2010 Latest Caselaw 2401 Del

Citation : 2010 Latest Caselaw 2401 Del
Judgement Date : 5 May, 2010

Delhi High Court
Accord Alloys Ltd. vs Asia Minerals Ltd. on 5 May, 2010
Author: Vikramajit Sen
*     IN THE HIGH COURT OF DELHI AT NEW DELHI

+     FAO(OS) No.292/2010 & CM Nos.7873-74/2010

      Accord Alloys Ltd.           .....Appellant through
                                   Mr. Neeraj Kishan Kaul, Sr.
                                   Adv. with Ms. Geetika
                                   Panwar, Adv.
                  versus

      Asia Minerals Ltd.           .....Respondent through
                                   Mr. Vikas Singh, Sr.
                                   Adv. with Mr. Kumar Mihir,
                                   Adv.

%                            Date of Hearing: April 29, 2010

                             Date of Decision: May 05, 2010

      CORAM:
*     HON'BLE MR. JUSTICE VIKRAMAJIT SEN
      HON'BLE MR. JUSTICE A.K. PATHAK
      1. Whether reporters of local papers may be
         allowed to see the Judgment?             No
      2. To be referred to the Reporter or not?   No
      3. Whether the Judgment should be reported
         in the Digest?                           No

VIKRAMAJIT SEN, J.

1. This Appeal assails the Order of the learned Single

Judge pronounced on 21.4.2010. The learned Single Judge

had vacated the ex parte ad interim injunction restraining

Defendant No.1/Respondent No.1 from proceeding any

further with the arbitration initiated at its instance in London,

being Arbitration Case No.7972 titled Asia Minerals Ltd. -vs-

Accord Alloys Ltd. On the hearing held on 30.5.2008, it had

specifically been recorded that the Plaintiff was not claiming

any relief against the Arbitrator (Defendant No.2) approached

by Defendant No.1 for deciding the dispute and, therefore, no

summons need be issued to him. Summons were, therefore,

only issued to Respondent No.1. We mention this fact

because the Appellant has ventilated a grievance that the

Arbitrator ought not have proceeded any further in the

matter even if he had not been injuncted from doing so. We

find no substance, whatsoever, in this submission,

particularly because it was the Plaintiff/Appellant who had

itself stated that Summons be not issued to Defendant No.2.

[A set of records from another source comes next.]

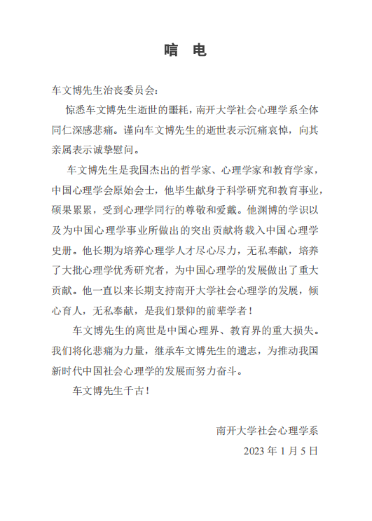 南开大学社会心理学系唁电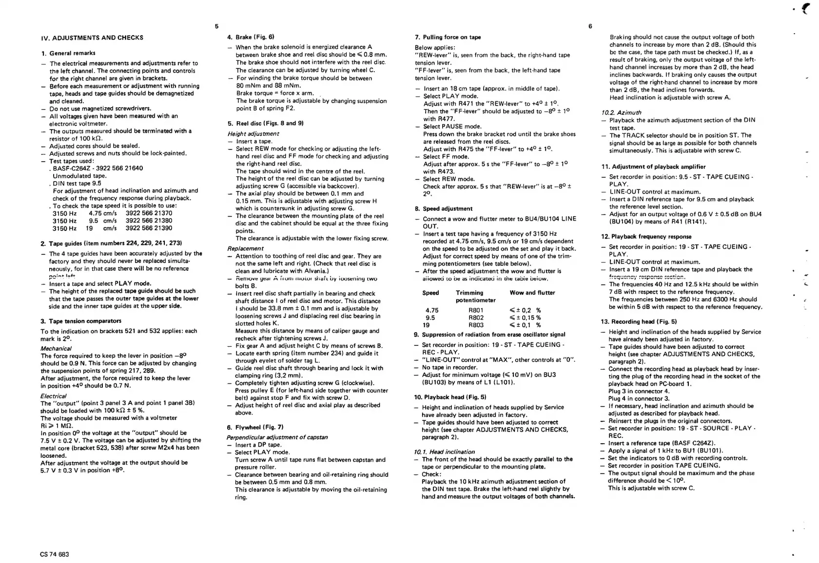 Philips N 7300 - Adjustments and Checks; General Adjustment Guidelines; Mechanical Adjustments; Speed and Erase Head Calibration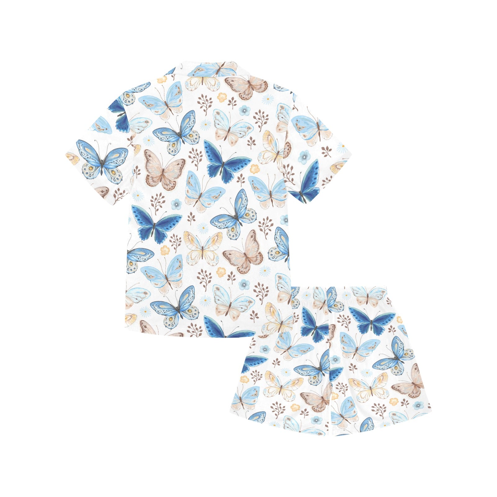 blue butterfly pattern Kids' Boys' Girls' V-Neck Short Pajama Set

In the event, it appears that even Defendant No.1 has not

appeared before the Arbitrator who appears to have passed a

Preliminary Award.

2. In the impugned Order, the learned Single Judge has

delved deep into the dispute and delivered a detailed Order,

holding that the contract between the parties had not been

novated by them and hence the compact to arbitrate upon the

dispute was fully binding on the adversaries. Mr. Vikas Singh,

learned Senior Counsel appearing for the Respondent, has

sought to rely on Wander Ltd. -vs- Antox India P. Ltd.,

(1990) Supp SCC 727 but we cannot appreciate the

relevance. Wander Ltd. enunciates that the discretion

employed by a Court can only be altered by the Appellate

Court only if it manifests perversity. In other words, the

Appellate Court would not substitute the discretion of the

lower Court with its own. The question before us is whether

the contract between the parties had been changed or

novated. There is no discretion which has been exercised by

the learned Single Judge in returning a verdict on this point

and the refusal to extend the interim Order or preserve the

injunction already granted is not a discretionary exercise.

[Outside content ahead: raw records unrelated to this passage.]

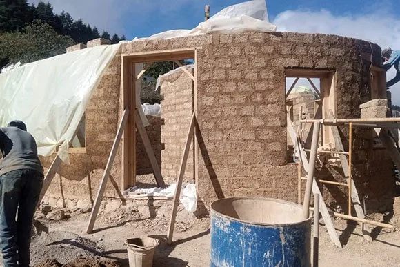 A crowdfunded rural cottage created with Cannabric hand crafted hemp blocks is being built in rural Morocco. Photo courtesy of CannabricCannatektum and Coopérative Adrar Nouh.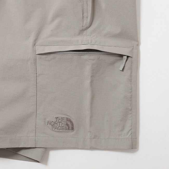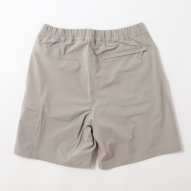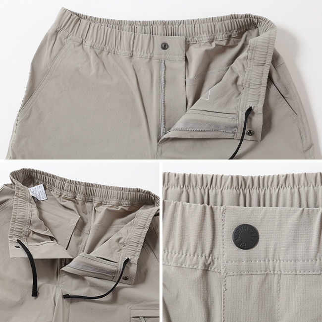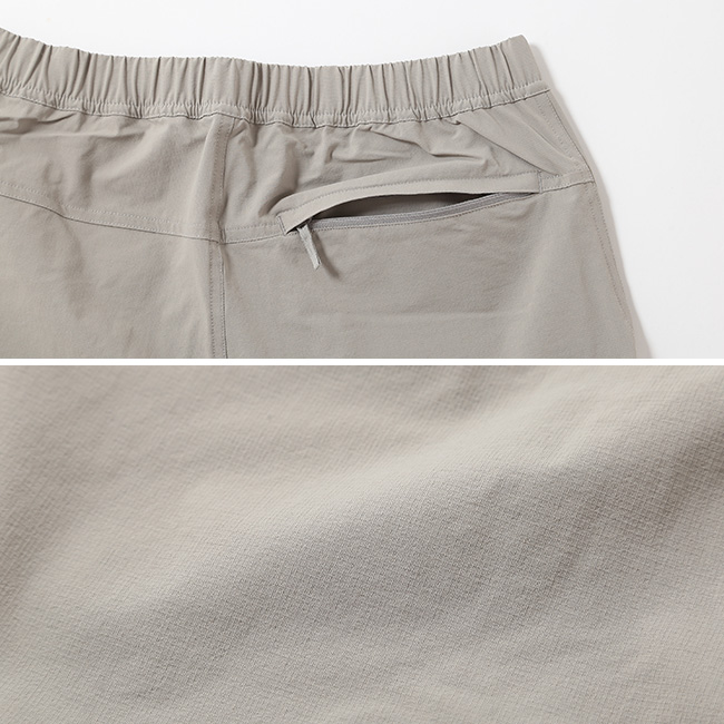 一部リサイクルナイロンを使用したリップストップ生地はストレッチ性と適度なハリ感があり、はっ水加工を施しているため多少の雨は弾きます。脚さばきが快適な丈感で、両サイドには地図が入るサイズのスラッシュポケット、左脇にはファスナー付きのカーゴポケット、さらに右ヒップにもファスナーポケットを配置し、収納力を高めています。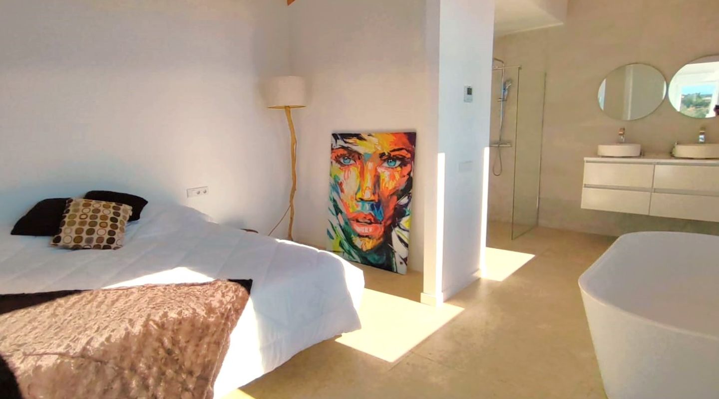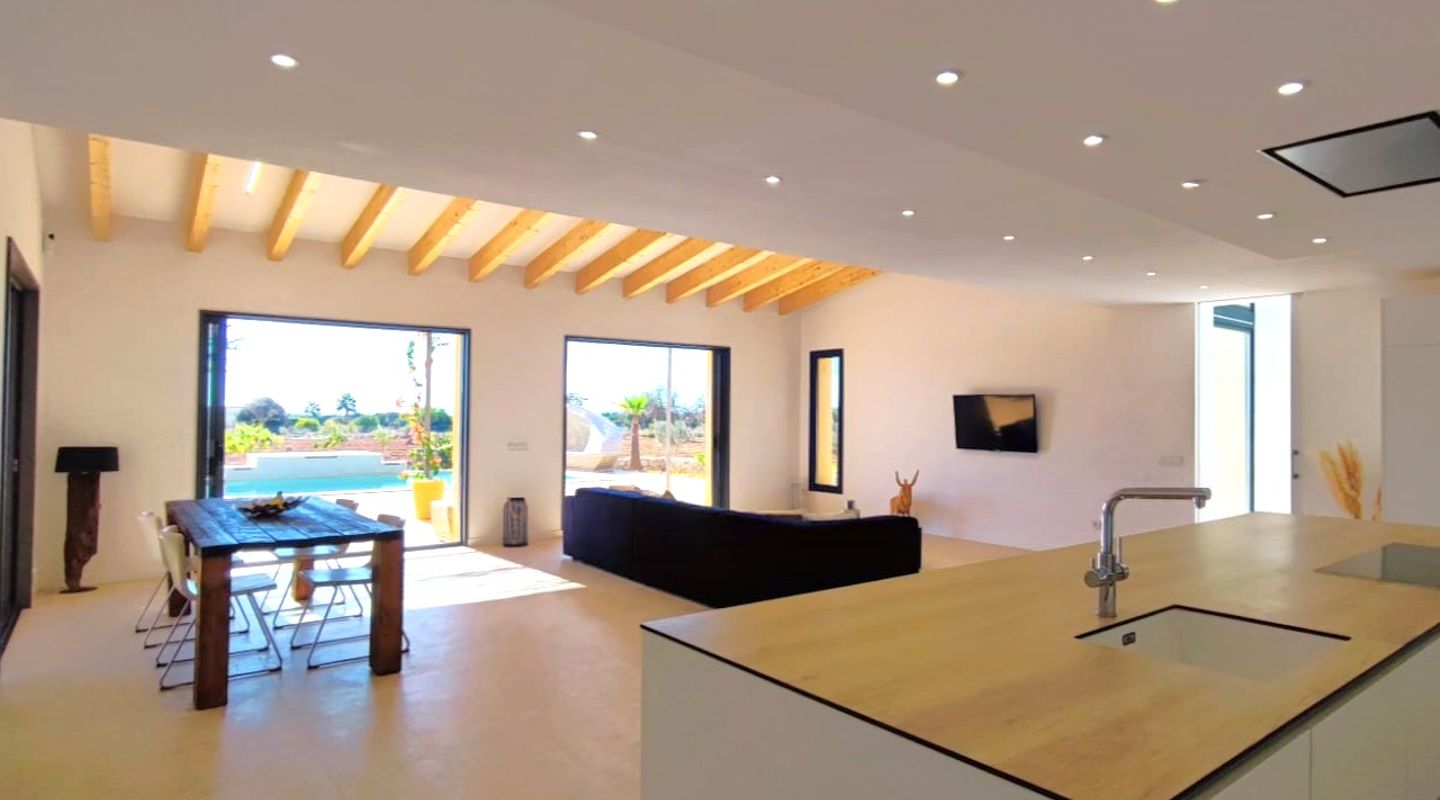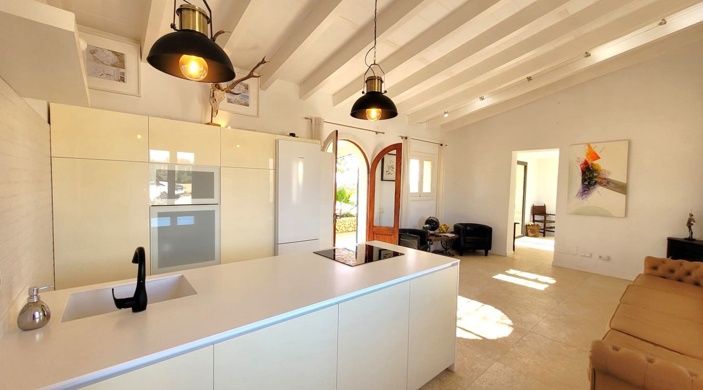 Modern Amenities: A brand-new 340 m² home on a 27,000 m² plot with 4 bedrooms, 4 bathrooms, a garage for two cars, and a laundry room. Flexible Layout: Designed to allow part of the house, including the fourth bedroom, to function as an independent unit with its own bathroom and terrace. Expansive Living Spaces: An 80 m² sunlit living room with designer windows that fully retract, blending indoor and outdoor spaces seamlessly. Luxury Touches: The master bedroom boasts exposed beams, an en-suite bathroom, and a freestanding bathtub with views of Cabrera Island. Outdoor Highlights: A 271 m² terrace with a 36 m² pool featuring a beach area, jacuzzi jets, and waterfalls. Licenses for vacation rentals (up to 8 guests). Also licenses for farming, and animal husbandry. Two cisterns (40,000-liter capacity) and a newly approved well for high-quality groundwater. Ready for solar panel installation.

Having said that, we must also record at the threshold a

statement made by learned counsel for the Defendant that

since the impugned Order partakes of the nature of a prima

facie view, the Defendant would be quite prepared to allow

the Arbitrator a clean slate for finally and ultimately deciding

whether the arbitration agreement subsists between the

parties. We put this proposition to Mr. Neeraj Kishan Kaul,

learned Senior Counsel for the Appellant with the logical

appendix that the Appellant should agree to withdraw the

Suit. On both counts, learned Senior Counsel for the

Appellant, on instructions, has declined the offer.

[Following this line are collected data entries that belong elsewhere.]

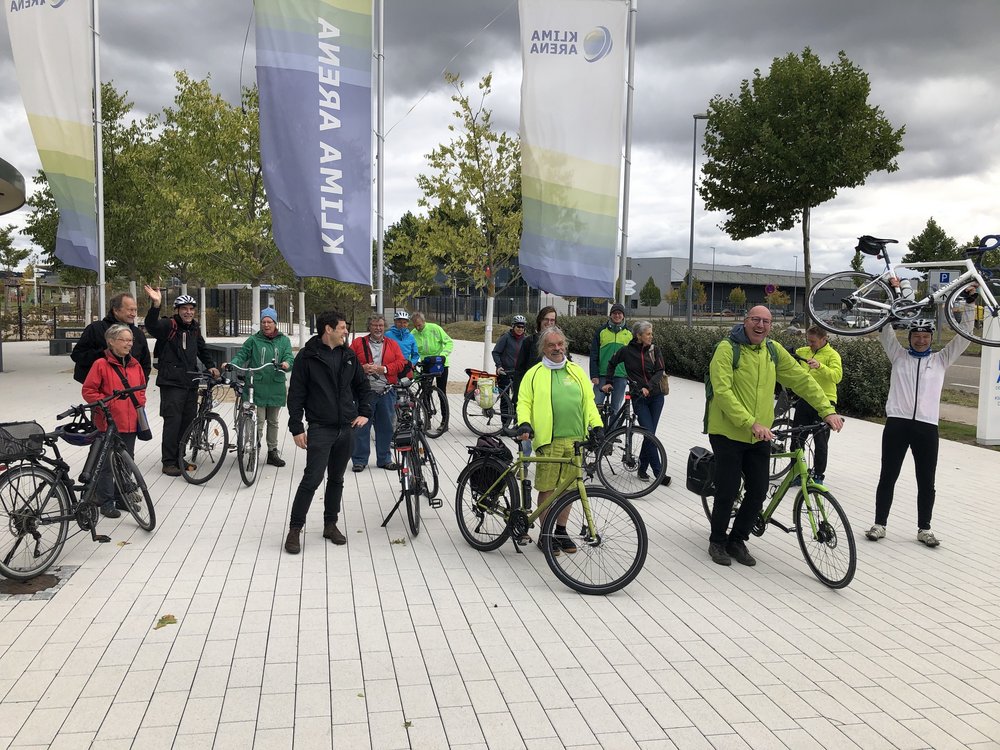 Belohnt wurden die Radler*innen zunächst durch Ansprachen von Hermino Katzenstein und Norbert Knopf. Hermino berichtete über Neuigkeiten aus dem Landtag hier vor allem das Klimaschutzgesetz, in dem eine Reihe von Massnahmen auch gegen große Widerstände durchgesetzt werden konnten. Des weiteren ermutigte er die Anwesenden zu einem aktiven und engagierten Wahlkampf. „Wir müssen kämpfen“, so seine Einschätzung. Norbert, unser Landtagskandidat im WK Wiesloch lobte in seiner Ansprache mit einem Augenzwinkern die Anwesenden für 3x aktive Politik zugleich: 1x aktive Verkehrspolitik, weil sie mit dem Rad angereist sind, 1x aktive Landwirtschaftspolitik, weil man/ frau nun gleich das aktive Angebot des veganen Restaurants in der Klimarena nutzen würde und 1x aktive Bildungspolitik , weil die Informationen der Klimarena zur Klimaüberhitzung, zur Mobilität, zum nachhaltigen Konsum und weiteren Themen für alle höchst relevant sind.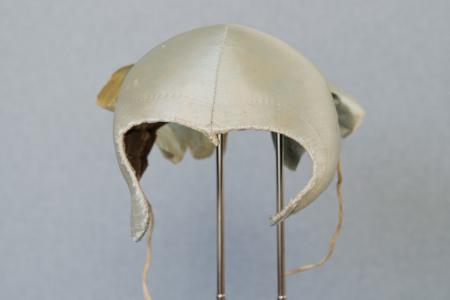 Bindmössa av ljusturkost siden, hjärtformad framtill. En stickning i framkanten, framkanten kantad med smalt band, tre raka veck. Foder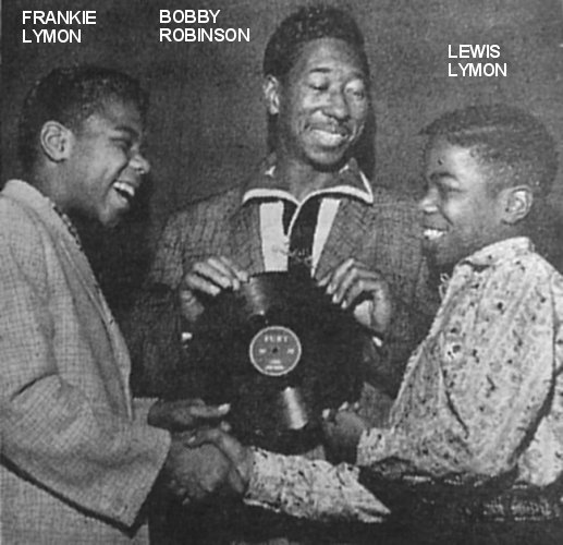 The day of the audition, however, the Teenchords, with Ralph in tow, went to the Apollo Theater to see the Teenagers perform (this would have been sometime during the week of June 8). After having walked the two miles from 165th Street to 125th Street, they were hanging out behind the theater, when all of a sudden, Charles Sampson (lead of the Red Robin Velvets and a friend of Ralph's) wandered by. Sampson mentioned that Bobby Robinson (who owned Red Robin) was looking for acts to record and manage. Were these guys Ralph's group? Well, you don't let a chance like that go by, and suddenly Ralph, without having sung a note for his audition, was touted by Lyndon as their new first tenor.

3. At the stage where the learned Single Judge had found

himself, he was bound to return an answer on the three

cardinal principles relating to the grant of ad interim

injunction, that is, the existence of a prima facie case, and the

appreciation of the factual matrix indicating whether the

balance of convenience as well as the likelihood of

irreparable injury being caused to the Applicant would

warrant the grant of the ad interim injunction. So far as the

first question is concerned, that is, existence of a prima facie

case, the learned Single Judge has opined that there were

only two aspects of the contract between the parties which

had been changed. Firstly, that in place of the requirement of

the supply conforming to SiMn 65 per cent managanese, the

Plaintiff could make supplies conforming to SiMn 60 per cent.

Secondly, in place of the earlier price of US $ 760 per MT,

Defendant No.1 had agreed to pay US$ 790 per MT. The

correspondence between the parties is replete with opening

statements made by Defendant No.1 to the effect that the

communication was without prejudice to their rights under

the existing Contract. Furthermore, the letter dated

24.4.2007, as also other correspondence, explicitly refers to

the Contract dated 27.2.2007 between the parties. All

through the negotiations reference was made to the Letter of

Credit as mentioned in the said Contract. We are entirely in

agreement with the conclusion of the learned Single Judge

that there was no novation of the contract and, therefore, the

Arbitration Agreement had not been superseded. So far as

the factors of balance of convenience and irreparable injury

are concerned, neither will be undermined or adversely

affected by the insistence that the parties should adjudicate

their disputes through arbitration.

4. Learned Senior Counsel for the Appellant has laid

emphasis on Andheri Bridge View Coop. Hsg. Society Ltd. -

vs- Krishnakant Anandrao Deo, AIR 1991 Bombay 129 in

which a learned Single Judge has held that where there are

material or substantial changes which go to the root of the

agreement, then the assumption of law is that a new

agreement has emerged. The learned Single Judge has

correctly analysed this Judgment not to be ubiquitously

applicable to all situations. It appears to us that in the context

of the present case the Plaintiff was finding it difficult in

shipping Manganeses having a minimum content of 65 per

cent and it was on this subject that negotiations were

confined, along of course with the price. Prima facie, all other

Terms and Conditions had not been cast adrift.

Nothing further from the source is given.